BallmerKnowsBest Member since:
2008-06-02

You really want to go there, because the list will be at least 2 pages long.


And it will consist almost entirely of things that would be invalidated by a mountain of prior art, if Apple were dumb enough to try patenting them.

Innovation doesn't always mean first to get there sometimes its first to make it good. Steam Boat Willy wasn't the first to implement sound, just the first to make good use of the technique.

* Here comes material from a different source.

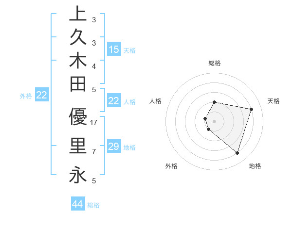 上久木田 優里永さんを姓名の画数から五運を鑑定
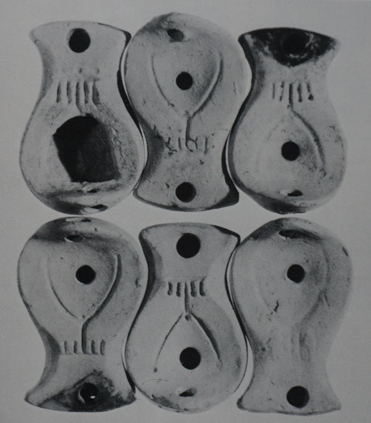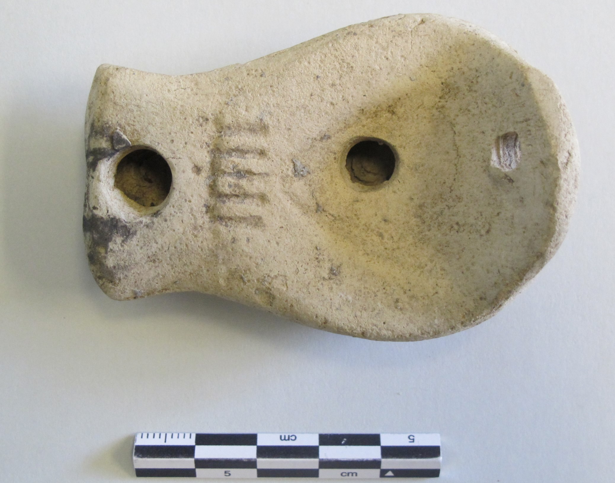 Vogelkopflampen are characterized by a broad nozzle and transverse handle. The German name (which literally means “bird head lamp”) refers to the two birds’ heads with which early forms of these lamps were decorated. While early examples showed clearly-depicted birds, the bird forms were eventually simplified to parallel notches, like the ones seen on this lamp. This lamp is most likely a Late Vogelkopflamp because the birds appear as marks, the handle is transverse and pierced, it has an overall paraboloid shape, and there does not appear to have been any slip applied—all characteristics of the late version.

In other words they're not innovations, they're just variations on other people's innovations and Apple deserves no credit for the innovations themselves (the mouse, the GUI, the portable MP3 player, etc etc etc). If software patents had existed in Douglas Engelbart's day, then he could probably sue for every single penny of income that Apple has ever made.

The most pathetic claim of an Apple innovation was probably when they claimed that the dual G4 PowerMacs were the first multi-processor desktops in existence - despite the fact that SMP had been available even in the PC world for at least a decade. Not to mention the presence of SMP on nearly every other major CPU architecture, and even from Mac cloners like Power Computing.

But the best part was the circular, self-contradictory reasoning that made up the stock response from Apple apologists: they claimed that earlier x86 SMP machines weren't actually PCs, but workstations because they contained multiple processors... Sadly, this was before the word "facepalm" was coined.